Data Representation

Subject: Computer Science
Topic: 4
Cambridge Code: 0478

Number Systems

Binary (Base 2)

Binary - Base 2 numbering system (digits 0-1)

Position values: $2^7, 2^6, 2^5, 2^4, 2^3, 2^2, 2^1, 2^0$ $128, 64, 32, 16, 8, 4, 2, 1$

Example: 10110₂ = 1(16) + 0(8) + 1(4) + 1(2) + 0(1) = 22₁₀

Converting to binary:

Divide by 2 repeatedly
Remainders give binary digits
Read from bottom to top

Hexadecimal (Base 16)

Hexadecimal - Base 16 (digits 0-9, A-F)

Digits: 0,1,2,3,4,5,6,7,8,9,A(10),B(11),C(12),D(13),E(14),F(15)
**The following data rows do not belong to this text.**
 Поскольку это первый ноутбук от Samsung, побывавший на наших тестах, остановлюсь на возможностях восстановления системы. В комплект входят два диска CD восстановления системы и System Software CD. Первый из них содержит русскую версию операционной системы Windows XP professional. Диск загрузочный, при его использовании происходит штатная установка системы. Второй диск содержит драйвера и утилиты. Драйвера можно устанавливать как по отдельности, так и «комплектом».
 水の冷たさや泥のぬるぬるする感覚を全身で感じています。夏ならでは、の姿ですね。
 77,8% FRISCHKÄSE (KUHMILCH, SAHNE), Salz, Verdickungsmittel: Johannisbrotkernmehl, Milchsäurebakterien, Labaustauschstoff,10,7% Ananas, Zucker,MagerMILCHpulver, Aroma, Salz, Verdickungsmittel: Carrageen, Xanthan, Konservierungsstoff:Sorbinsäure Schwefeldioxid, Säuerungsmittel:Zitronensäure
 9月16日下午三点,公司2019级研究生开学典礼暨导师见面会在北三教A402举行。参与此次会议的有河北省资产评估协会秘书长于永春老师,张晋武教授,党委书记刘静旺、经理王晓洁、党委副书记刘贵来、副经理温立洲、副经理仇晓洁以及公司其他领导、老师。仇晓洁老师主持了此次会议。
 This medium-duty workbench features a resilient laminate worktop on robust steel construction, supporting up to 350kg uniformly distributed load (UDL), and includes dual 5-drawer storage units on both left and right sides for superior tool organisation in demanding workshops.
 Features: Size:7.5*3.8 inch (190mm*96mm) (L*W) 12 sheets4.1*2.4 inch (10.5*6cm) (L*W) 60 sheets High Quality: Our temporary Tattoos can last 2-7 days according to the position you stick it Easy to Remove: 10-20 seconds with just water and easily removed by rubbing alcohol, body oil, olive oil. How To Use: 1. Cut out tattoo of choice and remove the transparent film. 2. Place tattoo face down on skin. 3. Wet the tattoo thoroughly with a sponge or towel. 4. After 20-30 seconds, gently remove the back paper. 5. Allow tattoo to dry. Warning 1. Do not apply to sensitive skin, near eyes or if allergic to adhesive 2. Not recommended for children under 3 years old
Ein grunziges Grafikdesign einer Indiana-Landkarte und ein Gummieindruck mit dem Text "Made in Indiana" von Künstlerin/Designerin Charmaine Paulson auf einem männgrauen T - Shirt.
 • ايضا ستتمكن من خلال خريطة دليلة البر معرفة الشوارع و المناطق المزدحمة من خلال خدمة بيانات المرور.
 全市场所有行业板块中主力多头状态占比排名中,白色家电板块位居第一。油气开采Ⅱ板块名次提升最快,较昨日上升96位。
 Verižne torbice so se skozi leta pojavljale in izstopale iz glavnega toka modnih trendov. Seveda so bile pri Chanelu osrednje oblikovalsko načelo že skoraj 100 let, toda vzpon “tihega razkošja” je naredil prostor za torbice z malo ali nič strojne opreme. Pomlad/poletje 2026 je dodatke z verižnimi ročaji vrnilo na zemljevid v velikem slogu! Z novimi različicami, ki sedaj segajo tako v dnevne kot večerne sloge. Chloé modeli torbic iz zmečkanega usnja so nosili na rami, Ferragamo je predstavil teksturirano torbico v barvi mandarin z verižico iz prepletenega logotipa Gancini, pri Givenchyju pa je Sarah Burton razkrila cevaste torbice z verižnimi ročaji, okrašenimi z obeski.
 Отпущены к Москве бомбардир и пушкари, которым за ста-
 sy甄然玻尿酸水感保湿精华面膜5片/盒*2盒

Position values: $16^3, 16^2, 16^1, 16^0$ $4096, 256, 16, 1$

Example: 2F₁₆ = 2(16) + 15(1) = 47₁₀

Advantages:

Compact representation
Easy conversion to binary
Used for memory addresses, colors

Converting Between Systems

Binary ↔ Hexadecimal:

1 hex digit = 4 binary digits
Group binary in fours
Convert each group

Example: 10110011₂ = B3₁₆

1011₂ = B₁₆
0011₂ = 3₁₆

Data Units

Bit: Single binary digit (0 or 1)

Byte: 8 bits

Size Conversions

Unit	Size
Kilobyte (KB)	1,024 bytes
Megabyte (MB)	1,024 KB
Gigabyte (GB)	1,024 MB
Terabyte (TB)	1,024 GB

Note: Often abbreviated as 1024 ≈ 1000 in casual usage

Calculating Storage

Example: How many bits in 5 MB?

5 MB × 1024 KB/MB × 1024 bytes/KB × 8 bits/byte = 41,943,040 bits

Character Encoding

ASCII (American Standard Code for Information Exchange)
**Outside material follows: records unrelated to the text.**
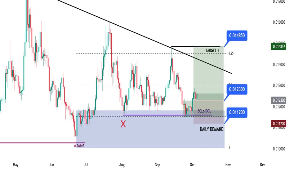 Entry already taken at $0.0123 from the retest of the daily demand + discount zone confluence.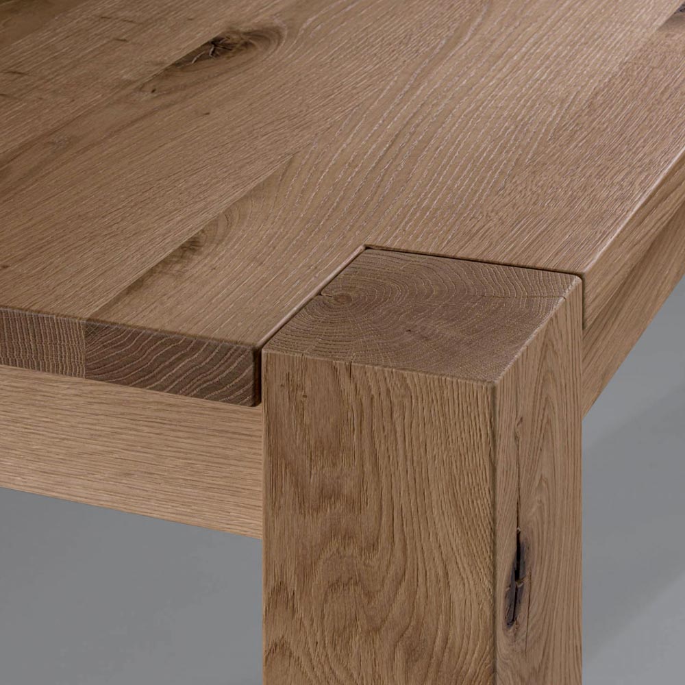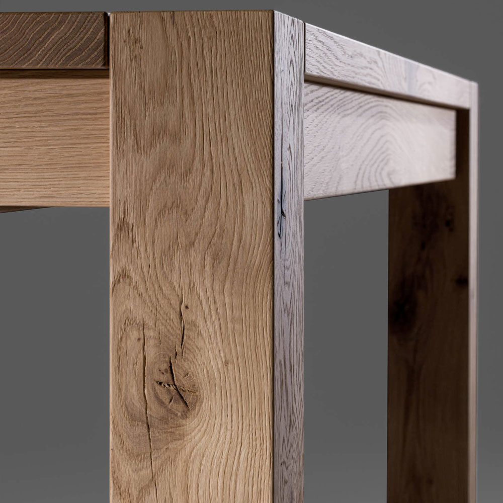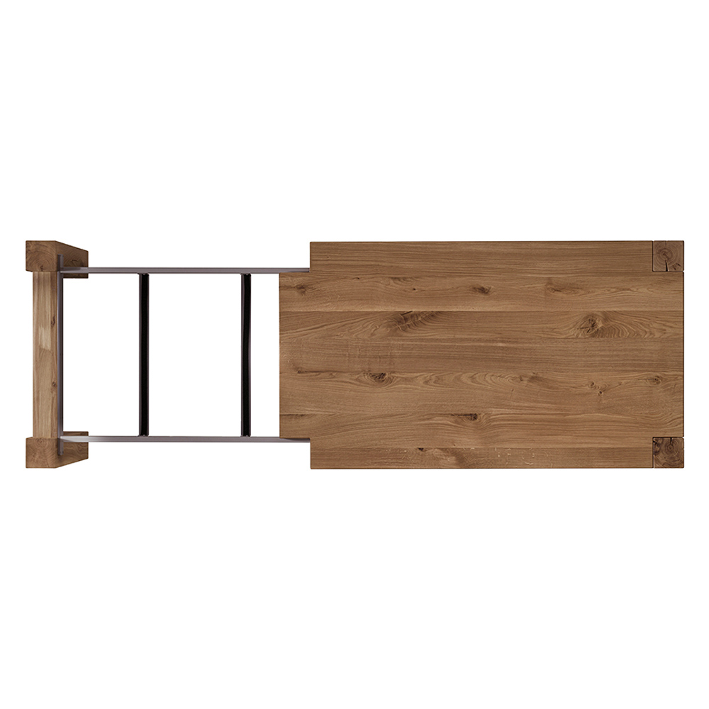 طاولة قابلة للتمديد ، سطحها منخشب البلوط الطبيعي المقسم، وأرجلها من الخشب المصفح، ١٢×١٢ سم. تشمل ملحقات إضافية . الأبعاد: ارتفاع ٧٧ سم، سمك ٣ سم. نظام فتح مزود بدليل معدنيتلسكوبي . تتميز المجموعة ذات الطراز الحديث بقطع فريدة ومصممة خصيصًا. رمزٌ لإبداع مَن يُتقنون حرفتهم ويُطورونها بكامل إرادتهم وعقلهم وقلبهم. صُممت المفروشات كوسيلةٍ لتحقيق مساحةٍ شخصيةٍ مثالية.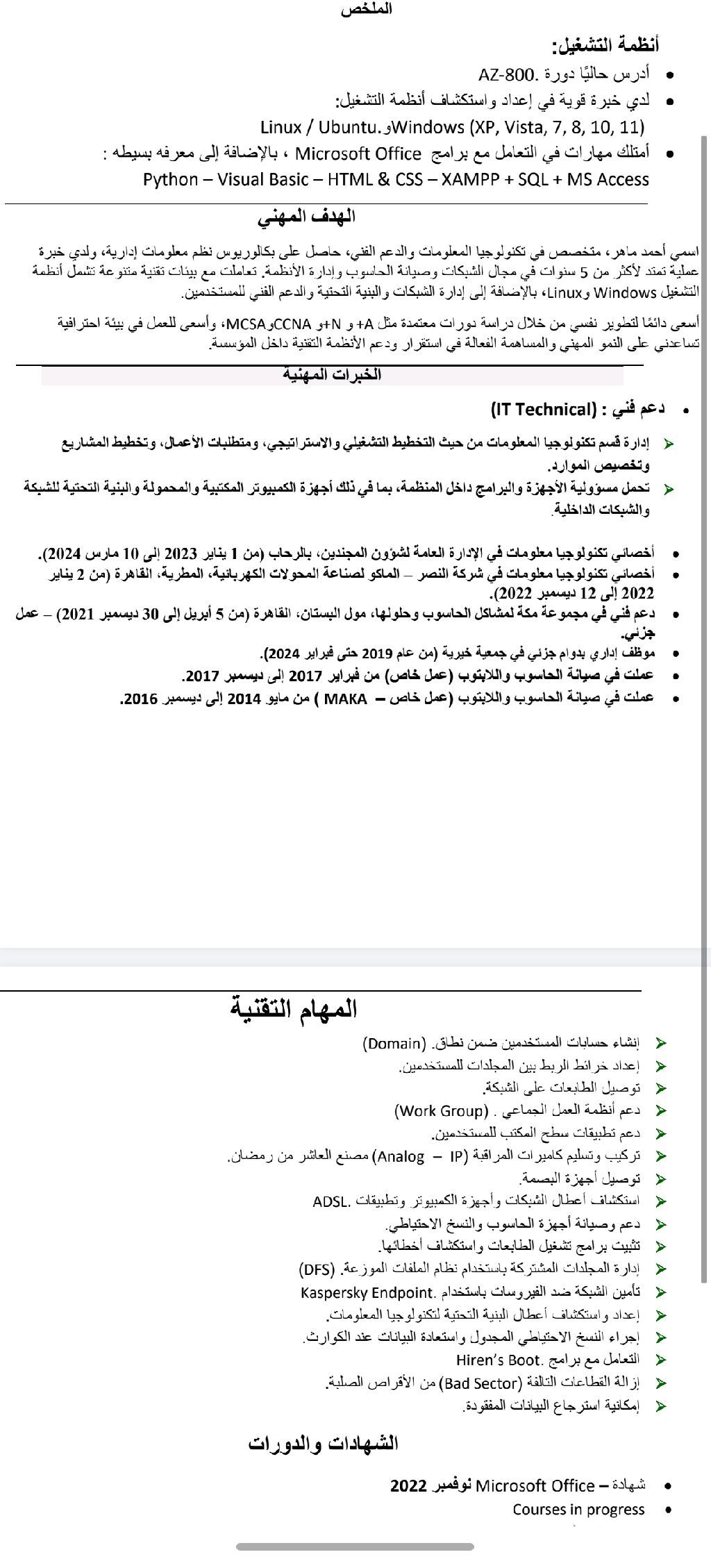 أحمد ماهر 27 عام مصري الجنسية خريج نظم معلومات عندي خبرة أكثر من 5 سنوات مصر وسنتين خبرة في المملكة في it specialist وفي حل مشاكل أل Hardware & Software اعداد الشبكات وتهيئة أل Routers وأل Switches إدارة Windows Serverg Active Directory، وضبط Fortigate Firewall والطابعات ومتابعة أداء الشبكة وحل مشاكل الاتصال وجاهز للعمل في جدة أو أي مدينة في المملكة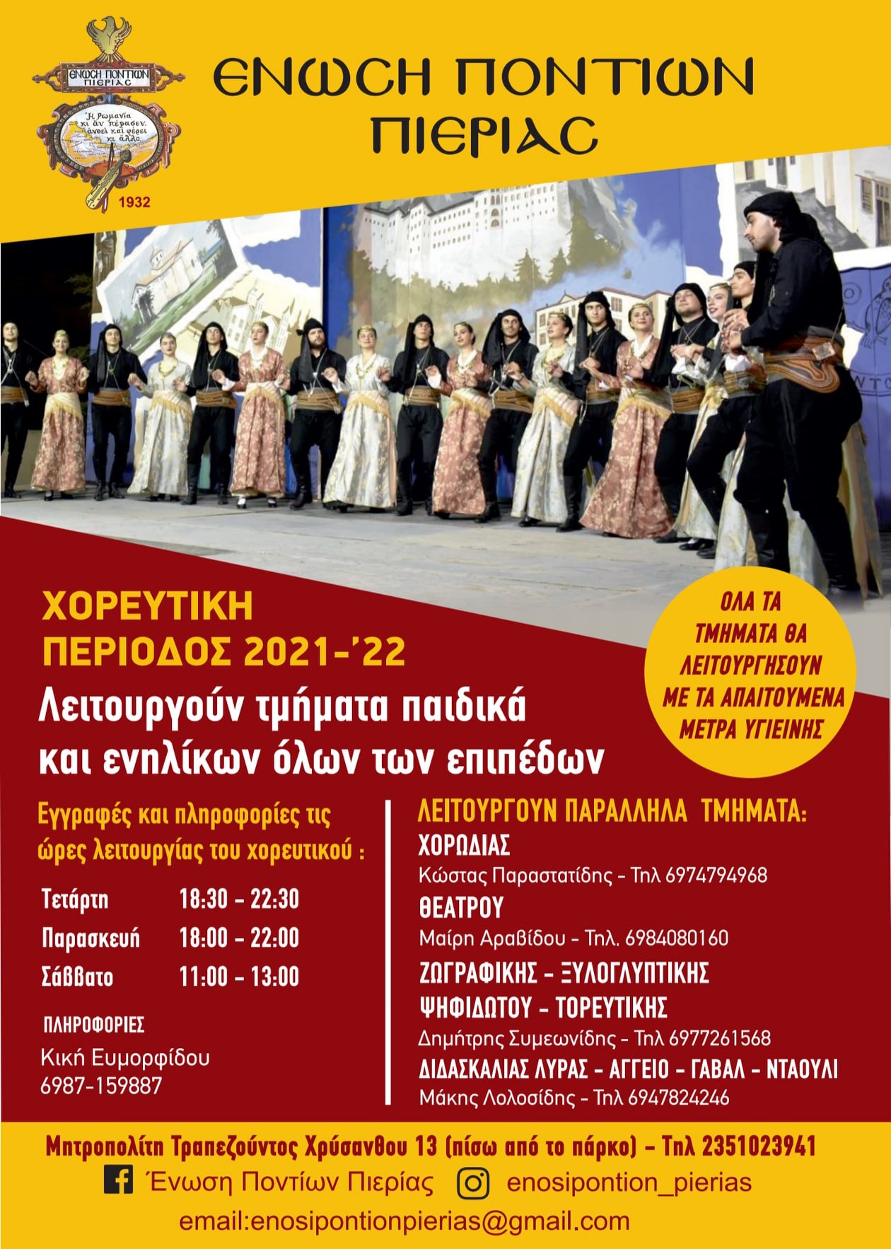 Η Ένωση Ποντίων Πιερίας ανακοινώνει στα µέλη και στους φίλους όλων των τµηµάτων του συλλόγου την έναρξη λειτουργίας της νέας Πολιτιστικής περιόδου 2021-2022.

ASCII - 7-bit encoding (128 characters)

Ranges:

0-31: Control characters
32-47: Spaces, punctuation
48-57: Digits 0-9
65-90: Uppercase A-Z
97-122: Lowercase a-z

Example:

'A' = 65 = 01000001₂
'0' = 48 = 00110000₂

Extended ASCII

Extended ASCII - 8-bit encoding (256 characters)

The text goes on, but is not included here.